Haha. I did not mean that there isn't one person in the 1st 15 that didn't attend the junior school at churchie. But I will have a crack at your multi choice quiz. I would say 4 out of the starting 15 have been attending Churchie since grade 7. There you go. I would guess in last years team there is perhaps even less. My original post was to highlight how ordinary the Churchie under age teams are going. Under 13 A's on Saturday lost by 67 points. The 14 A's had nearly 50 racked up against them. I wonder if any of these players will get to play 1st 15. Or will you just import new players from Townsville at grade 11 or 12.

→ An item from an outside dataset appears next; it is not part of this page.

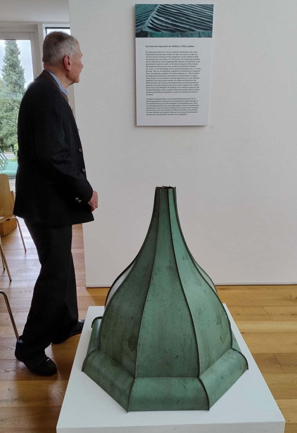 Unter dem Motto „In eigener Sache“ hat sich der Hausherr, wie er in seiner Eröffnungsrede berichtet, einen lange gehegten Wunsch erfüllt: eine Schau, die erzählt von der – so der Untertitel der Ausstellung – „Schönheit historischer Blecheindeckungen und deren Erhalt“. Mit der Restaurierung und Ertüchtigung von Blechdächern vor allem aus dem 18. und 19. Jahrhundert hat sich Wolfgang Huber längst überregional, ja international einen ausgezeichneten Ruf erarbeitet.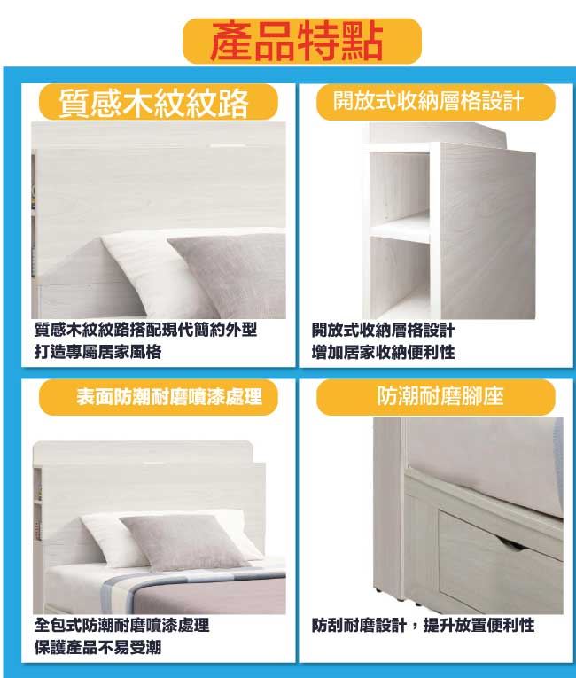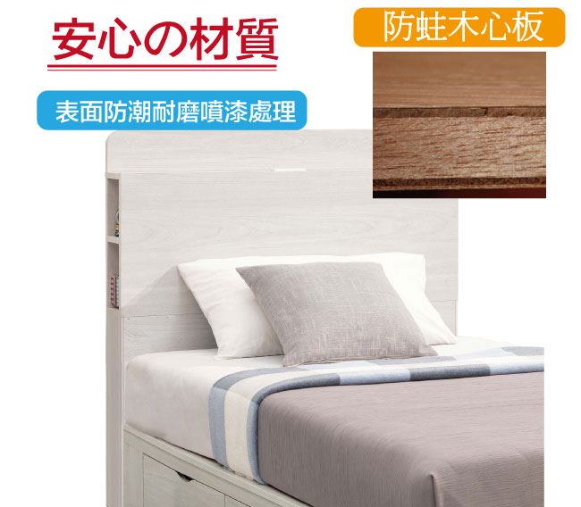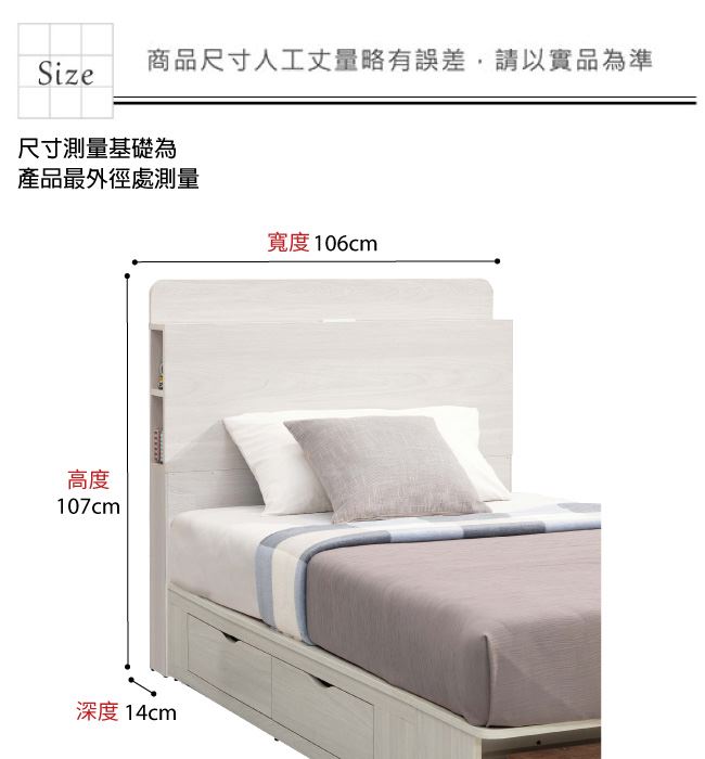 材質 | ◆產品名稱:【綠家居】剛果3.5尺單人可收納床頭片(不含床底+不含床墊) 床頭尺寸:(寬)106x(深)14(高)107/公分 ◆材質: 材質:防蛀木心板+防刮耐磨底座 噴漆:防潮亮面噴漆處理

But that's what you first said.
And now the goal posts of your critique have shifted to 'being at Churchie since Y7', that is the new 'acceptable homegrown threshold'.
The hard fact of the matter is that the majority of QLD GPS schools offer rugby and multiple other sports and academic scholarships.
Spitting on one - any - GPS school with wild and grossly inaccurate statements re their level of sports scholarships lacks rigour and maturity and gradually turns these otherwise excellent GAGR threads into a toxic, downward-spiralling amalgam of sour grapes and petty hate. (Just as does judging a school's whole junior program on one year's 'A' team results. To make that assessment you would need to carefully trend analyse say 3-5 years of results, both absolutely and comparatively. Once that analysis is done, let's talk some more.)
Worse, it lacks generosity to the many fine young rugby players that have been right through a school's junior program and who do great work in the Opens.
Finally, I can say that I am very proud of Churchie's scholarship boys in terms of their contribution to the school overall; their general conduct is excellent inside and outside rugby and they make good contributions to the school not only in rugby, they very clearly appreciate being in the school and I would guess this is just as true of scholarship boys in most if not all other GPS schools.